# Task item
Retyping should cover only the lines from the one containing "Draadloze MCT-442 koolmonoxide melder" through the final line of the records, with pictures omitted.

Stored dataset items
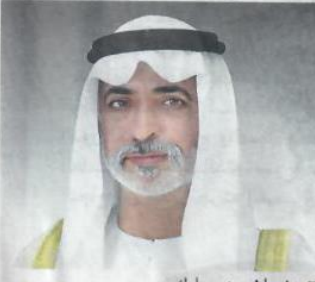
■ نهيان بن مبارك

وأضاف معاليه أن الأمانة العامة لجائزة خليفة الدولية لنخيل التمر والابتكار الزراعي وبرعاية كريمة من صاحب السمو الشيخ خليفة بن زايد آل نهيان، رئيس الدولة، حفظه الله، واهتمام صاحب السمو الشيخ محمد بن زايد آل نهيان، ولي عهد أبوظبي، نائب القائد الأعلى للقوات المسلحة، ودعم سمو الشيخ منصور بن زايد آل نهيان نائب رئيس مجلس الوزراء وزير شؤون الرئاسة، تحرص دائماً على التفاعل مع تحديات المجتمع الزراعي بدولة الإمارات والعالم بالبحث والدراسة العلمية، وصولاً لاقتراح البدائل وطرح الخيارات وتطبيقها على أرض الواقع بالتعاون مع الشركاء في تلك الدول وخير مثال على ذلك النجاح، الذي حققته الجائزة في تنظيم مهرجان التمور المصرية بسيوة خلال ثلاث سنوات وما رافقه من تجهيز وتطوير مصنع التمور للحكومي بسيوة، وبناء برادات خاصة للتمور بمحافظة الوادي الجديد ومحافظة الجيزة بجمهورية مصر العربية، والمهرجان الدولي الأول للتمور السودانية بالخرطوم.
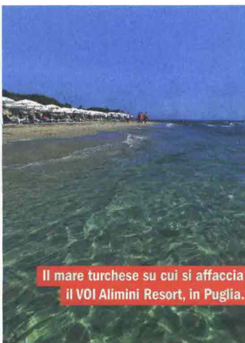
Il mare turchese su cui si affaccia il VOI Alimini Resort, in Puglia.
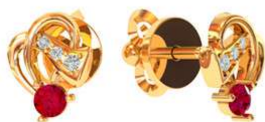
СП-528 (1.9 гр) Ф2.5-2 шт Ф 1.25-2 шт Ф1.0-4 шт
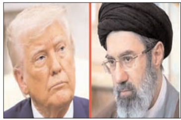
युद्ध शक्तियों वाले प्रस्ताव के पक्ष में वोट दिया, उनमें मिशिगन के प्रतिनिधि टॉम बैरेट, ओहायो के वॉरिन डेविडसन, पेंसिल्वेनिया के ब्रायन फिट्जपैट्रिक और केंटकी के थॉमस मैसी शामिल थे। उन्होंने चेतावनी दी कि ट्रम्प बिना किसी साफ रणनीति के देश को एक लंबे संघर्ष में घसीट सकते हैं। साथ ही

रिपब्लिकन के नेतृत्व वाली अमेरिकी प्रतिनिधि सभा ने राष्ट्रपति डोनाल्ड ट्रम्प को ईरान में आगे कोई भी सैन्य कार्रवाई करने से रोकने के लिए एक प्रस्ताव वॉर पावर्स रेजोल्यूशन (युद्ध शक्ति प्रस्ताव) को मंजूरी दे दी है। यह प्रस्ताव 215-208 मतों से पारित हुआ है। यह प्रस्ताव तब सफल हुआ जब चार रिपब्लिकन सदस्यों ने डेमोक्रेट्स के साथ मिलकर इस युद्ध के प्रति अपनी असहमति जताई।
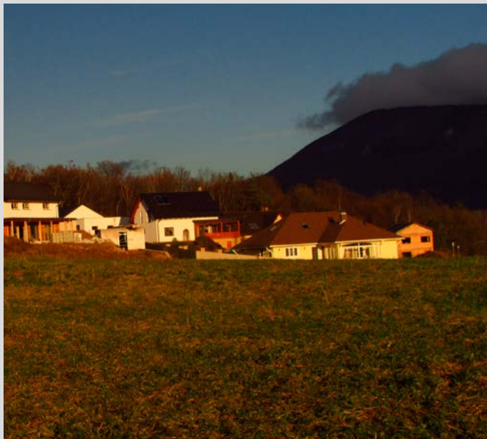
Staví – Snad v žádné jiné CHKO u nás nepanuje takový stavební ruch!
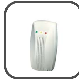
Draadloze MCT-442 koolmonoxide melder
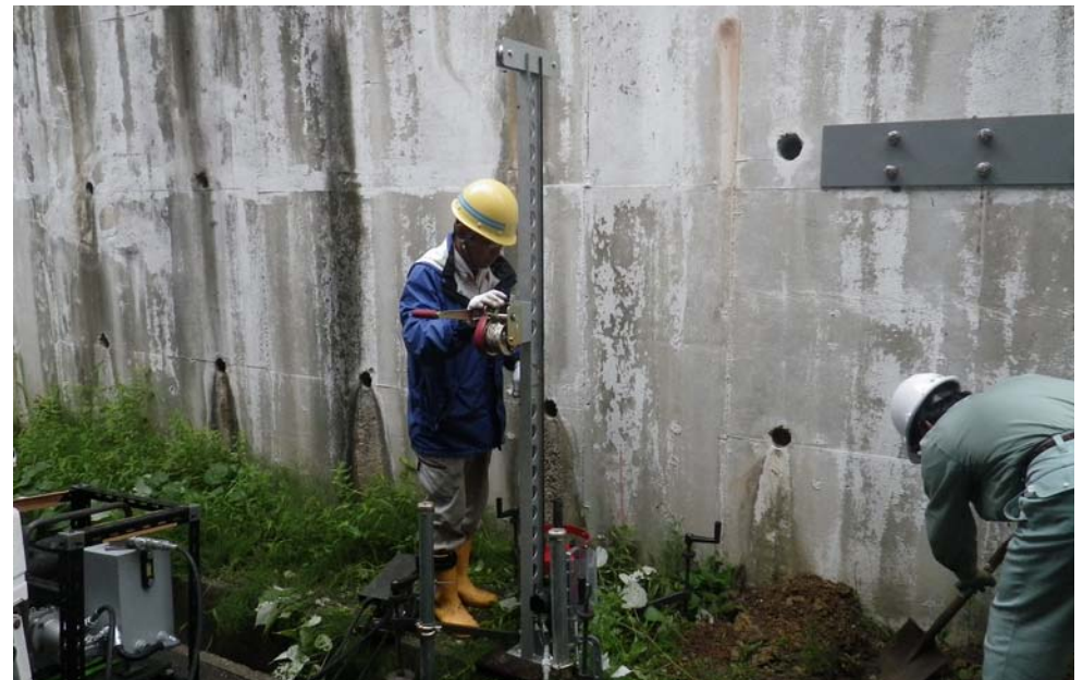
擁壁老朽化調査_基礎底盤の確認2
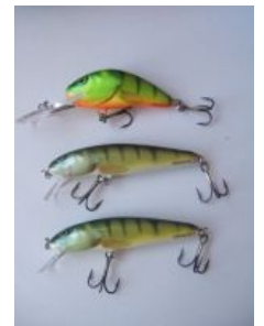
Сферические воблеры в вакууме
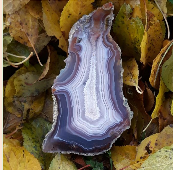
Achat von Toubkal, Marokko / Agate from Toubkal, Morocco. 9 cm.
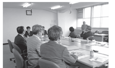
▲議会改革の取組について行政視察に訪れた千葉県君津市議会の皆さん(5月10日)

※視察の際は、留萌経済の活性化を促すため、市内での宿泊や食事を積極的にお願いしています。

# Task result
Draadloze MCT-442 koolmonoxide melder
擁壁老朽化調査_基礎底盤の確認2
Сферические воблеры в вакууме
Achat von Toubkal, Marokko / Agate from Toubkal, Morocco. 9 cm.
▲議会改革の取組について行政視察に訪れた千葉県君津市議会の皆さん(5月10日)

※視察の際は、留萌経済の活性化を促すため、市内での宿泊や食事を積極的にお願いしています。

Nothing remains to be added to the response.